Exercise:
The answer is the data repeated in full, with no pictures included.

--

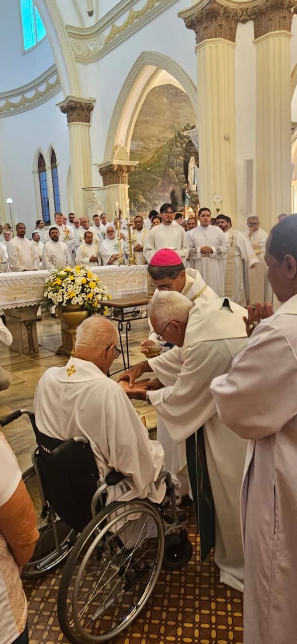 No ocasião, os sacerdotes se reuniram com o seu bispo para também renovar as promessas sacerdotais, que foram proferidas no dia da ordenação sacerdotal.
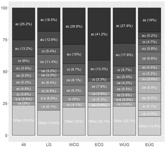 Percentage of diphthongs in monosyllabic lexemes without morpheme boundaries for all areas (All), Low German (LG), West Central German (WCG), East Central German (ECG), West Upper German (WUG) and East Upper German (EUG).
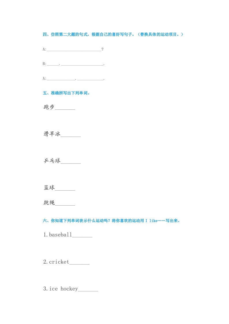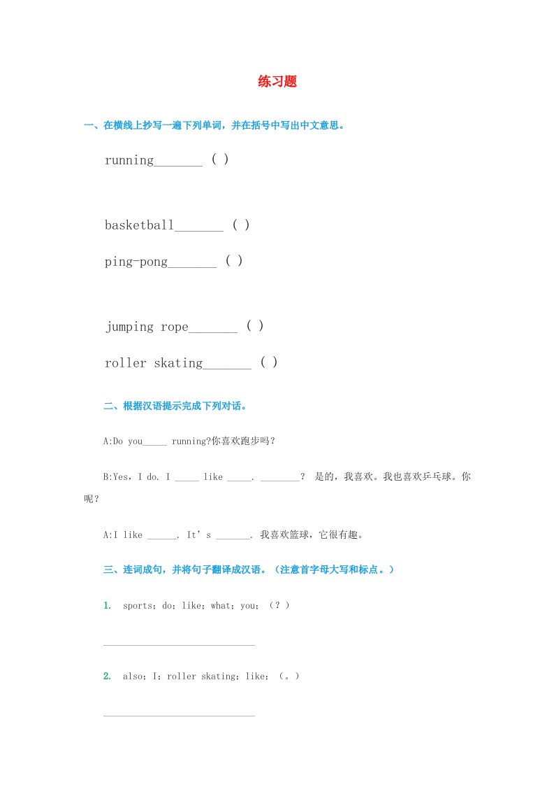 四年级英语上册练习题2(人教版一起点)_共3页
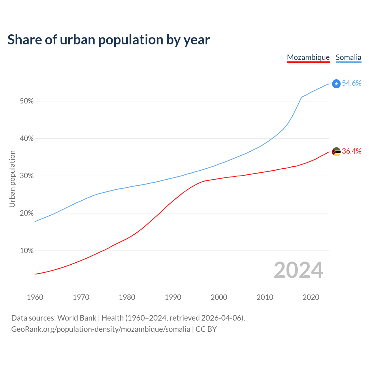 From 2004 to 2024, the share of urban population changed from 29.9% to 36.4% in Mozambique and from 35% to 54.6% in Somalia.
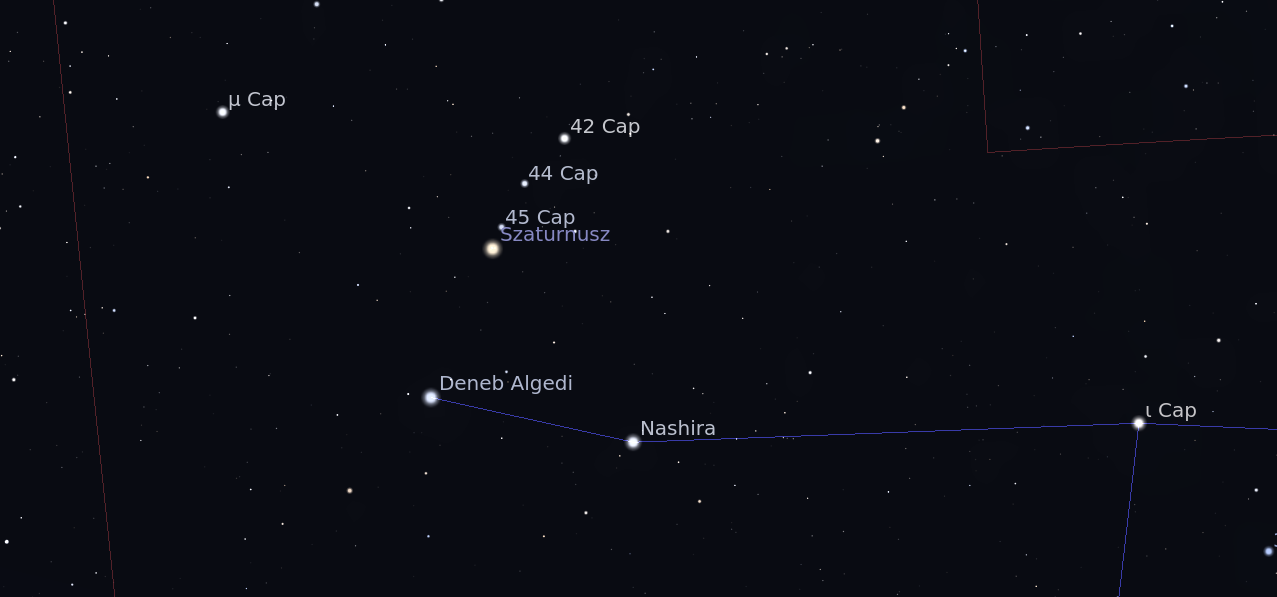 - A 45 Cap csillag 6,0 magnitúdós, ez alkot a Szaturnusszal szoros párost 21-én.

--

Task solution:
 No ocasião, os sacerdotes se reuniram com o seu bispo para também renovar as promessas sacerdotais, que foram proferidas no dia da ordenação sacerdotal.
 Percentage of diphthongs in monosyllabic lexemes without morpheme boundaries for all areas (All), Low German (LG), West Central German (WCG), East Central German (ECG), West Upper German (WUG) and East Upper German (EUG).
 四年级英语上册练习题2(人教版一起点)_共3页
 From 2004 to 2024, the share of urban population changed from 29.9% to 36.4% in Mozambique and from 35% to 54.6% in Somalia.
 - A 45 Cap csillag 6,0 magnitúdós, ez alkot a Szaturnusszal szoros párost 21-én.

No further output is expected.